After introductions, my team began learning about HPCs and brainstorming metrics to measure HPC efficiency. The dataset contained 6 million HPC jobs from 2024 with variables, such as username, number of processors, job queue, submission time, start & end time, maximum memory usage, requested memory usage, and more. We categorized the jobs based on this paper (“Scalable System Scheduling for HPC and Big Data” 2017):

run time: short, medium, long, very long
failed vs. successfully completed
parallelism vs. non-parallelism

Based on the information we had for each job, we defined two metrics to quantify efficient HPC usage:

We defined memory efficiency as the maximum memory used divided by the total memory requested. The total memory requested takes into account all of the processors.
We defined CPU utilization as CPU time used divided by the total run time. The total run time also takes into account all of the processors.

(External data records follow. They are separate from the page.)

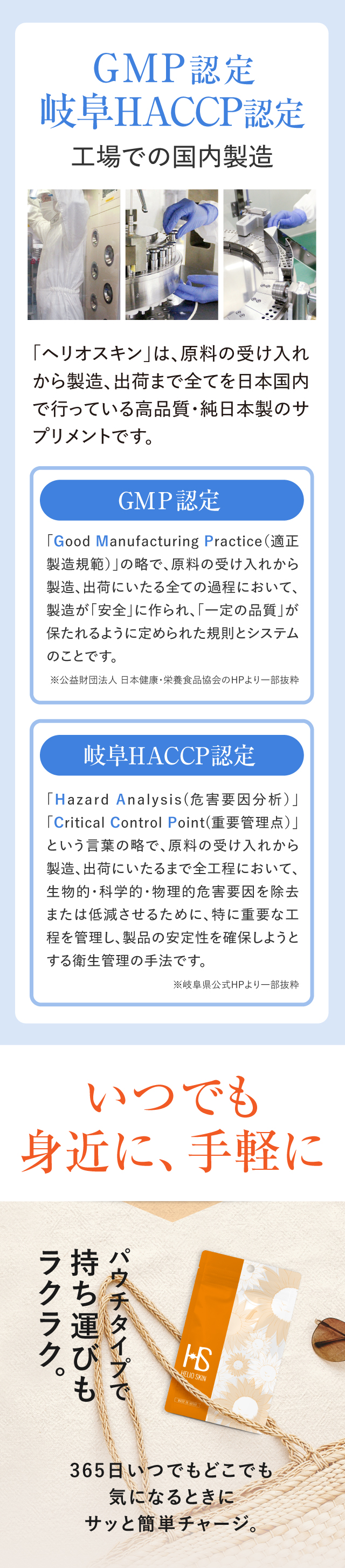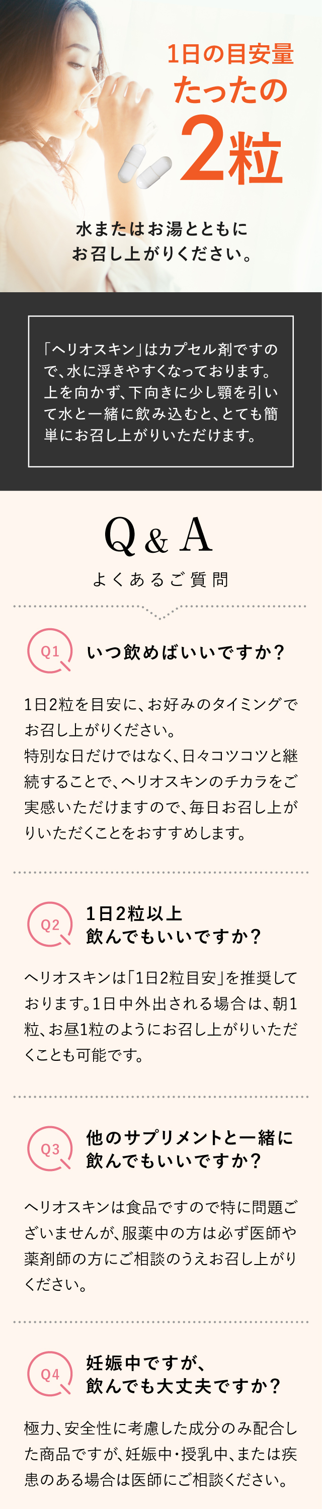 | お召し上がり方 | ヘリオスキン 1日2粒を目安に、水またはお湯とともにお召し上がりください。 |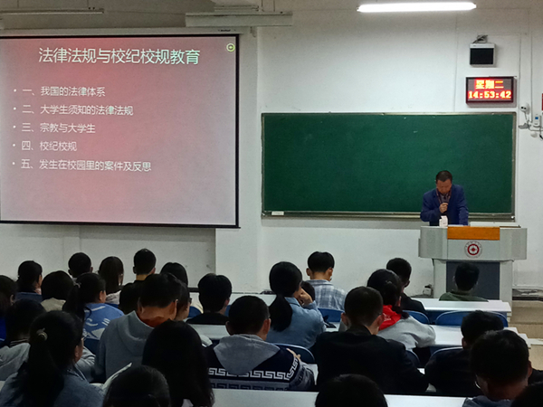 朱吉韬副书记则通过大量例子向同学们详细的介绍了有关法律法规与校纪校规的知识,主要包括了我国的法律体系,老员工须知的法律法规,校纪校规等。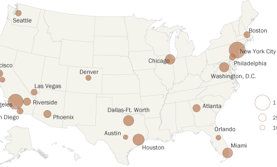 The report released Thursday by the nonpartisan Pew Research Center estimates more than 2 million immigrants in the country illegally lived in the two areas in 2014.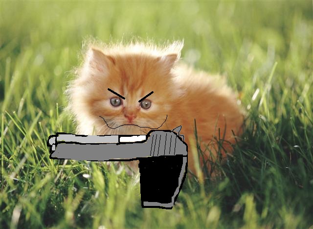 a cat with a crappily eddited in gun from MS paint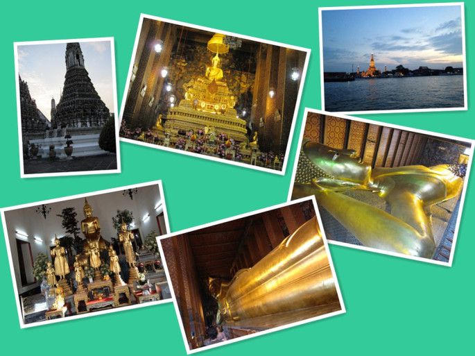 这里的船不一样,要根据旗帜看清要坐的船。我们本来要坐的是15b一个人的船,那种船上边有黄色和蓝条色两种旗,由于没有经验坐了80b两人的船,不过这种船可以站在船头拍照,好多老外坐。8号码头沿着路走出来右手边路对面就是卧佛寺,门票200b两人。每张票包一瓶免费水,因为出酒店时自备了水,所以逛出来后也没有去领。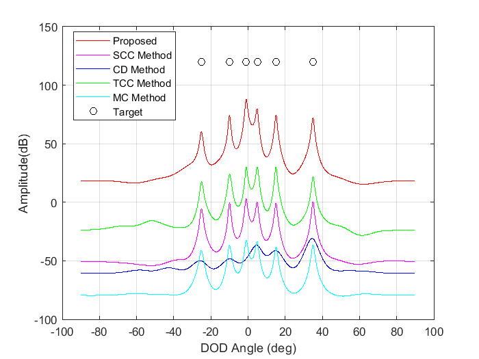 其中,X(t) ∈ C^(N×T)为接收信号矩阵(T为快拍数),A_r = [a_r(θ₁), a_r(θ₂), ..., a_r(θ_K)] ∈ C^(N×K)为接收导向矩阵,S(φ) ∈ C^(M×T)为发射信号矩阵,Λ = diag(α₁, α₂, ..., α_K) ∈ C^(K×K)为目标散射系数矩阵,A_t = [a_t(φ₁), a_t(φ₂), ..., a_t(φ_K)] ∈ C^(M×K)为发射导向矩阵,N(t) ∈ C^(N×T)为有色噪声矩阵,H表示共轭转置。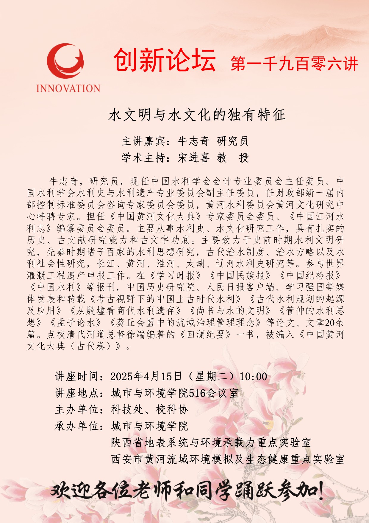 牛志奇 研究员 广发体育创新论坛第一千九百零六讲:水文明与水文化的独有特征 讲座时间 2025年4月15日(星期二)10:00 讲座地点 城市与环境学院516会议室 讲座人介绍 牛志奇 研究员 讲座内容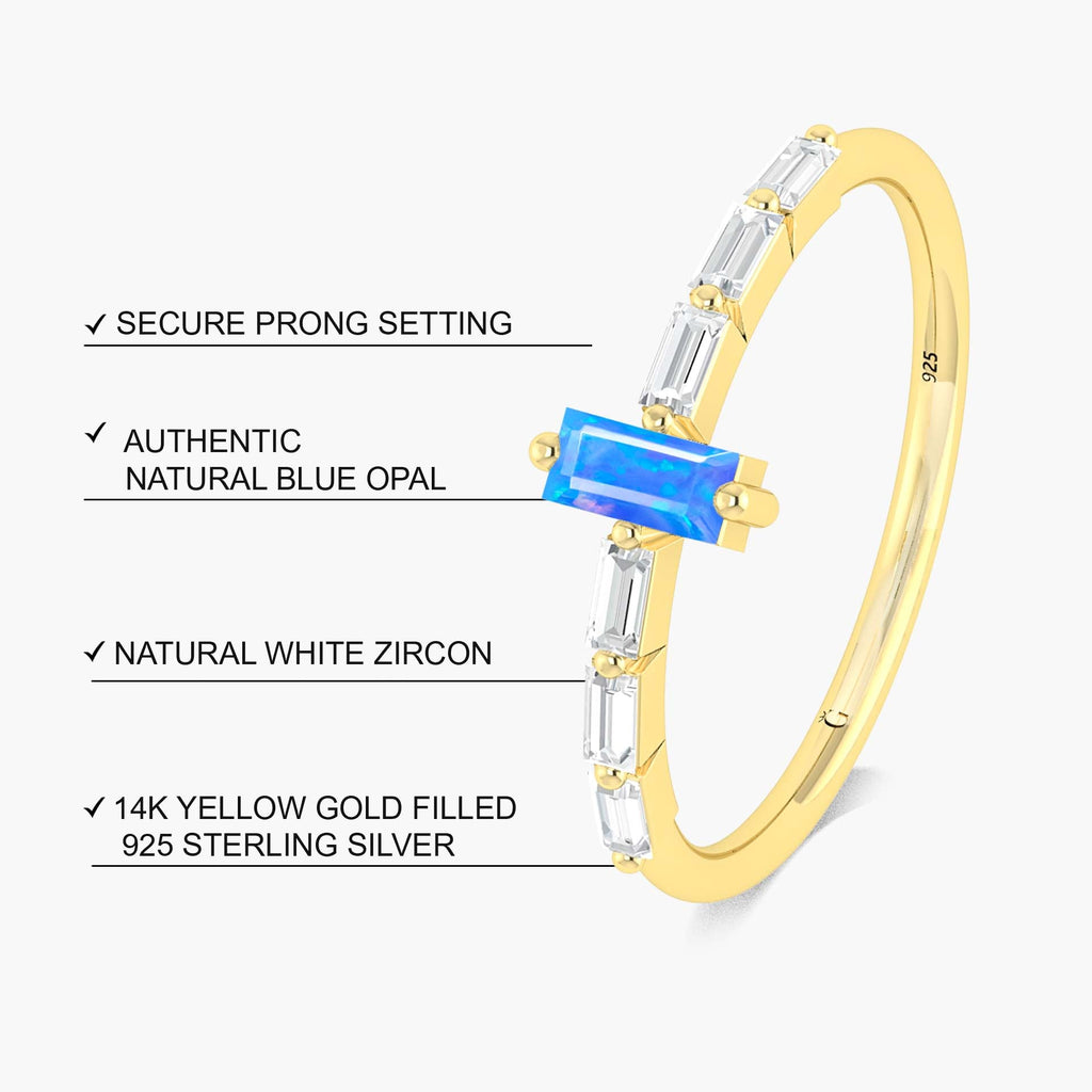 Add the Baguette-shaped blue Opal with Zircon Ring to your collection for a sophisticated and colorful touch.

Our next goal was to perform exploratory data analysis (EDA) on the dataset, which was when the challenges began. The data were stored in a MongoDB database, but our team lead had to spend a while debugging versioning and hosting issues before we could access it on the virtual machine (VM) created for our team. The bigger challenge was that those of us working on EDA had not used databases before, so we spent some time learning about them. We had proposed converting a subset of the database entries into a CSV file, but simple operations on the CSV file quickly used up all the shared memory on the VM.

Day 2

At the beginning of Day 2, we narrowed down our goals for the project. I worked with the dataset to visualize and quantify associations between variables of interest and efficient usage of the HPC. In order to do this, I used Python to interface with the MongoDB database. The element-wise division that crashed the VM when using a CSV file was calculated in seconds. This efficiency opened up many more possible analyses for the project. Through this project, I gained a deep appreciation for databases and want to continue learning about their various uses. In parallel, one of my teammates built a realtime website to show current usage of the HPC in terms of submitted jobs and resources available on each queue/node. Another teammate worked on aggregating the jobs in 15-minute intervals. We hoped to use these aggregated results to predict wait time for an individual job with regard to current usage of the HPC. Before wrapping up for the day, we walked through our results and discussed challenges. There were many unforeseen challenges including:

Jobs with memory utilization larger than 1: Theoretically, all jobs that use more memory than requested should fail. However, there can be special cases in which jobs use more memory than requested only for a few seconds, and then dip back down under the threshold of memory requested. These jobs can continue running to completion, but they do slow down the queue and slow down the run time of jobs that are already running because they hog the resources and slow down the node.
Most metrics were highly right-skewed: The majority of jobs were within a small range of time, memory, number of processors, and other metrics. But, there were some jobs that ran much longer, with much more memory, and/or many more processors than the vast majority. Using a log-transformation helped us visualize and model these metrics.
Some jobs have negative pending time: One variable we analyzed was pending time, which is the difference between the submission time and the start time of a job. We found that some of these values were actually negative, later realizing this was due to users cancelling jobs before they started.

Touring St. Jude

We had the opportunity to tour the St. Jude campus, as well as the HPC facility where the equipment is stored!

Day 3

For the first half of the day, we refined our visualizations, model, and realtime website to create a story for our final presentation. Our analyses informed what results to incorporate into the final draft of the website. During the final hours of the hackathon, I created a written report of our results and we collaboratively created a slide deck for our final presentation. The presentations were very casual. Other participants and researchers from St. Jude walked around each team’s station to ask questions about the projects. I enjoyed my experience and learned a lot during the process. My teammate will finish developing the website and continue these analyses to serve St. Jude’s HPC users.

Interesting Findings

We found that submitting jobs on the weekend or during non-business hours reduced wait time significantly. This is likely unsurprising to HPC users, but it was interesting to confirm!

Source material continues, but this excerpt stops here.